New book's claim fuels controversy
Narendra Modi, tipped to be India's next prime minister, yesterday latched onto a new tell-all book that alleges current premier Manmohan Singh was a powerless puppet during his years at the top.
However, the Indian Prime Minister's Office yesterday rubbished as "baseless and mischievous" the contention of former media adviser to Indian PM Sanjaya Baru that PMO files were seen by Congress president Sonia Gandhi.
"The statement being attributed to a former media adviser to the prime minister that PMO files were seen by the Congress president, Smt Sonia Gandhi is completely baseless and mischievous. It is categorically denied that any PMO file has ever been shown to Smt Sonia Gandhi," PMO spokesman Pankaj Pachauri said in a statement here.
He was responding to the claims by Baru in his book "Accidental Prime Minister — The Making and Unmaking of Manmohan Singh" and comments to media that the Prime Minister's principal secretary Pulok Chatterjee would seek "instructions" from Gandhi on important PMO decisions.
The book, written by a former media adviser to Manmohan, hit the bookstores this weekend and hands ammunition to Modi's Hindu nationalist opposition during a bitter, marathon election campaign under way.
It portrays Manmohan as subservient to ruling Congress party president Sonia Gandhi who called the shots although she holds no official government position.
Modi, who has campaigned on a platform of being a strong, decisive leader who can turn around the flagging economy, brought up the book while campaigning in the south, calling the government "remote-controlled."
"Two days ago a book has come out, an official who used to work in the Manmohan Singh government and his confidant has written this book.
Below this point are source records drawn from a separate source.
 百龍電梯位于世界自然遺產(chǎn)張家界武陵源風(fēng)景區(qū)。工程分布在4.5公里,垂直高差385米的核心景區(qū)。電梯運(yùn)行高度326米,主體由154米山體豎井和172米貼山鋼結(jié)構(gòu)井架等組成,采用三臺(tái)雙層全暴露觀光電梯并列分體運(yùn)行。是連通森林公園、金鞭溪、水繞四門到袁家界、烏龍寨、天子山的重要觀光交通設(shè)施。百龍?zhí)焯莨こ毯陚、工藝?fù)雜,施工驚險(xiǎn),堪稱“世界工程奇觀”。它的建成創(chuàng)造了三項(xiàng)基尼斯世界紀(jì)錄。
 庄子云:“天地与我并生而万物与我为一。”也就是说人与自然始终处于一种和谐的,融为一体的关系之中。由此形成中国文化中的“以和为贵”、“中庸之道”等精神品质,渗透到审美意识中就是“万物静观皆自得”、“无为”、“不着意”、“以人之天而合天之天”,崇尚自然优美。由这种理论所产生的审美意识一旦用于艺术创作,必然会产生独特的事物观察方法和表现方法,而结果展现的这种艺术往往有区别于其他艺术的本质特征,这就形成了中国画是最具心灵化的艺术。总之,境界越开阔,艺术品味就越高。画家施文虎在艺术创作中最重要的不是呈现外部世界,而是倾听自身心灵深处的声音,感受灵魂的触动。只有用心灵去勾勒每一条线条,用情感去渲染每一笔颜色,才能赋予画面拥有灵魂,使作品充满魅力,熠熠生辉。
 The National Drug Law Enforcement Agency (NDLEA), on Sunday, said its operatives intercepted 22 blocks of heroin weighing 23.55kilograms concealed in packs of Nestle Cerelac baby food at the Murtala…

He has said this government is not being run by Manmohan Singh Ji," Modi told a rally in Haveri.
Manmohan, 81, credited with leading India through radical reforms in 1991 when he was finance minister, is retiring at the elections after 10 years at the helm. Sonia Gandhi chose Manmohan to become premier in 2004 when Congress won elections.
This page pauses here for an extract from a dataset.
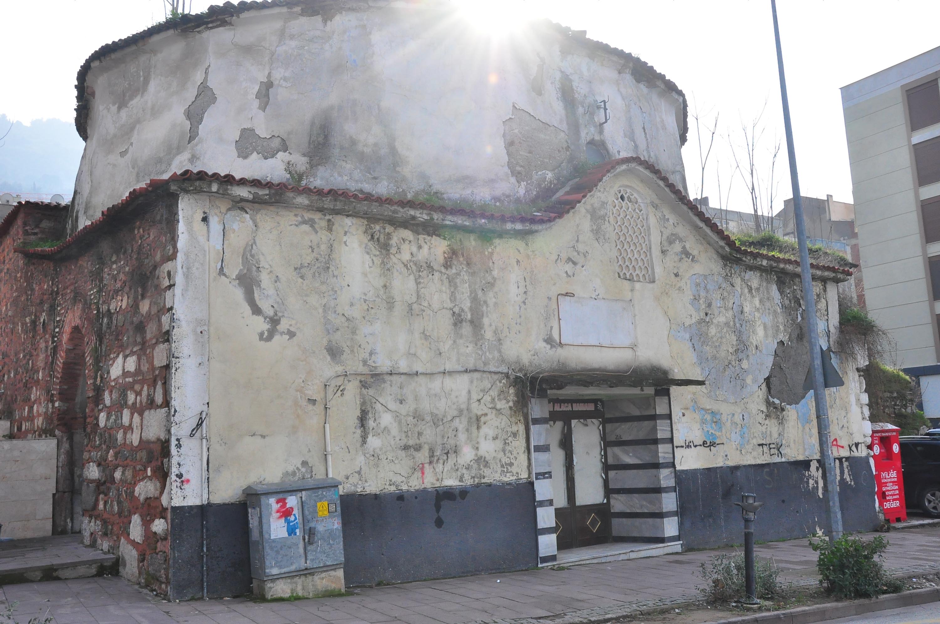 Manisa'nın Şehzadeler ilçesinde, uzun yıllar özel mülk olarak işletilen ve 5 yıl önce kiracısının ayrılmasından sonra atıl kalan 6 asırlık tarihi Alaca Hamamı, ilgisizlik ve bakımsızlık nedeniyle yok olma tehlikesiyle karşı karşıya kalıyor. Hamamın iki mirasçısından biri olan Salih Etker (52), "Hamam, taşınmaz kültür varlığı. Yıkmamız mümkün değil. 3 yıldır satmak istiyoruz, alıcı çıkmıyor" dedi.

Traditionally, the president of India's ruling party is also premier. But Gandhi, who led Congress to power in 2004 and 2009, turned down the job, fearing her Italian birth would become an explosive political issue as Hindu nationalists said her foreign origin made her unfit to rule India.
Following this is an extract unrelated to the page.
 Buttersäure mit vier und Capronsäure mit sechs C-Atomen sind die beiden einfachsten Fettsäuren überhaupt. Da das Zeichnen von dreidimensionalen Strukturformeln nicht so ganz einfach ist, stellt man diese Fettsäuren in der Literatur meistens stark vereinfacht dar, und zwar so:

Critics have long charged that Sonia held the real reins of power in the Manmohan administration but Baru's book is the first by a close advisor to the prime minister to make that claim.
Manmohan's spokesman Pankaj Pachauri said on Saturday the book "smacks of fiction" and alleged Baru misused a "privileged position" for "commercial gain". Baru, who left as media adviser in 2008, replied he was "amused" by the reaction.
The book's release comes as India's six-week election is in full swing, with Modi's BJP expected to win the largest number of seats and sweep Congress from power. Results are due May 16.
In the book, Baru said Manmohan decided early on to "surrender" to sonia and quotes the premier as saying he had "to accept the party president is the centre of power".
The author added that Manmohan had little authority over his cabinet and a senior bureaucrat would seek Gandhi's "instructions on the important files to be cleared by the PM".